As always, wishing you health & happiness
DD
Now that her children have left home, DIANNE DRAKE is finally finding the time to do some of the things she adores—gardening, cooking, reading, shopping for antiques. Her absolute passion in life, however, is adopting abandoned and abused animals. Right now Dianne and her husband Joel have a little menagerie of three dogs and two cats, but that’s always subject to change. A former symphony orchestra member, Dianne now attends the symphony as a spectator several times a month and, when time permits, takes in an occasional football, basketball or hockey game.
A Home for the
Hot-Shot Doc
Dianne Drake
Table of Contents
Dear Reader
CHAPTER ONE
CHAPTER TWO
CHAPTER THREE
CHAPTER FOUR
CHAPTER FIVE
CHAPTER SIX
CHAPTER SEVEN
CHAPTER EIGHT
CHAPTER NINE
NIGHTS LIKE THIS made him glad he was home again, if only for a little while. The far-off sound of bullfrogs bloating up and erupting with a courtly call to a lady love; the peculiar rhythm of the barred owl, who called to his own love from high atop the cypress trees; the warm breeze blowing in over the water and carrying with it the unique, earthy scent of the swamp … This all meant home to Dr. Justin Aloysius Bergeron. Home, but with that came so many mixed, even conflicting feelings.
With a mug full of sassafras tea and its bitter, soothing flavor, and a plate of his own homemade beignets made from his grandmother’s recipe, Justin was ready to settle in on the porch swing for the evening and simply relax after a long day of doing nothing. Absolutely nothing. Nothing took a lot of effort for someone who was used to being active, all that sitting around and thinking. Down here, where life was slower, it wore him out more than a day on his feet in the O.R. did. Those were physically exhausting days, but here his exhaustion was emotional and far heavier. It dragged him down to a place where a good night’s sleep didn’t bring about any kind of recovery.
At a month shy of thirty-six, Justin was at the top of his game back in Chicago.
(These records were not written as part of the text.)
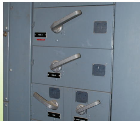
Electrical is Out of Date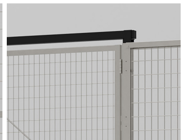
Multiple sturdy door options available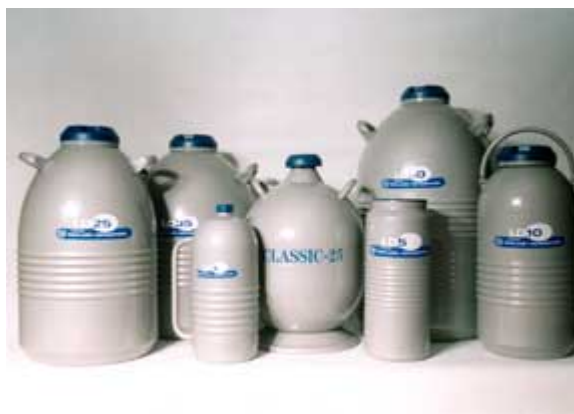
Figure 1. Dewar flasks.

2.1.1 Liquid Dewar Flasks. Liquid Dewar flasks are non-pressurized, vacuum-jacketed vessels, similar to a "Thermos bottle". They should have a loose fitting cap or plug that prevents air and moisture from entering, yet allows excess pressure to vent. Use only the stopper or plug supplied with the container.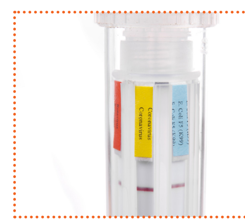
After 10 minutes, read the results using picture 11 as standard. For Clostridium perfringens interpretation use picture n°12.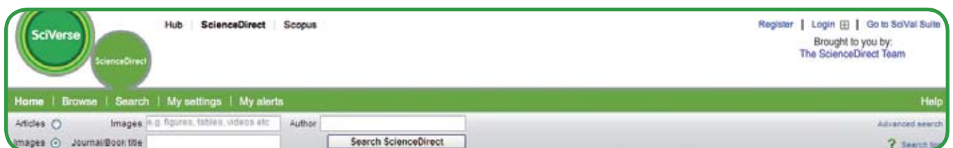
Image search using Quick Search bar

Enhanced with functionality specifically designed to support image searching, SciVerse ScienceDirect continues to evolve to support the needs of students, teachers and researchers.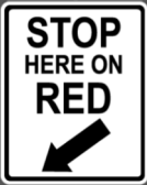
STOP HERE ON RED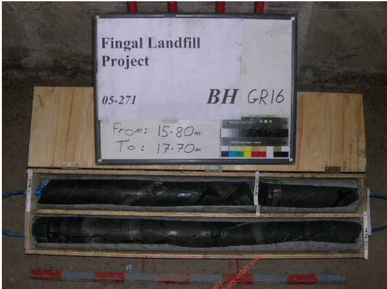
BH GR16: 15.80-17.70m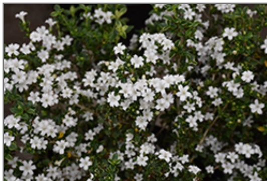
Variegated Serissa flowers

Variegated Serissa is recommended for the following landscape applications;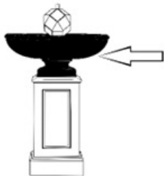
P-964 (239 lbs) 39.25"W x 16.5"H

6a - NOTE: Using the handle of a screwdriver or hammer works best to press the stopper in place.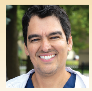
Dr. Miguel Ostos-Raybaudi Neighborhood Dental Center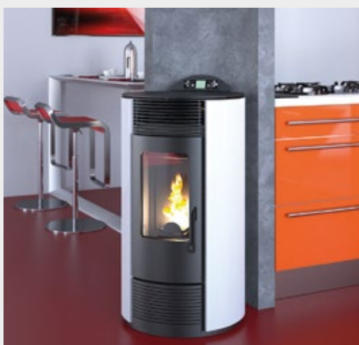
Minifocus 9 G 8,82 Kw / N 7,87 Kw 50x50x91 cm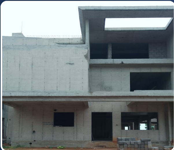
VILLA-75 (Structure Completed)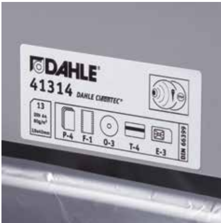
Clearly labelled performance characteristics on the top of the shredder help to ensure correct document shredder operation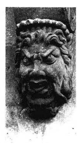
FIGURE 107. Antoine Barye, Mascaron , ca. 1851. Paris, Pont-Neuf.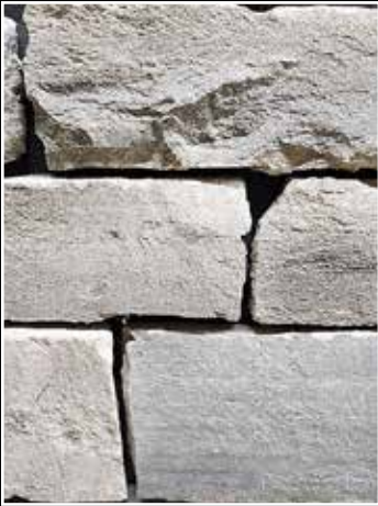
Black River Ashlar

He was well respected as a general surgeon with a career pointed in the direction of chief of services, or so he hoped. Equally well respected as a medical mystery writer with a couple of prestigious awards under his belt and talk of a movie in the works. It took a lot of effort, cranking out all that career, which was why all this nothingness seemed so strange to him.
He wasn’t used to it, wasn’t used to being lazy. But lazy was exactly what he was being, and it was turning him dull and lethargic, which, for the moment, suited him just fine. Because until he figured out his next move, nothing was truly all he wanted to concentrate on. He wrote in the early, early morning, as was his habit, but then there was nothing to occupy his time or to occupy his mind for the rest of the day. He was trying not to think outside the pages he’d managed to bang out. He was succeeding, intermittently.
For sure, life was simpler here in the Louisiana bayou than it was back in Chicago, his home for the past decade. He hadn’t appreciated that singular simple fact when he’d lived here before. In fact, from the time he had been a teenager, all he’d ever wanted had been to get away from the simplicity. Go to the city. Any city. Seek out excitement and anything else that didn’t resemble the upbringing he was accustomed to—an upbringing with a down-home flavor that could only be found in the bayou. Or the backcountry. Or godforsaken nowhere. Or, as this area had been named by its early settlers, Big Swamp.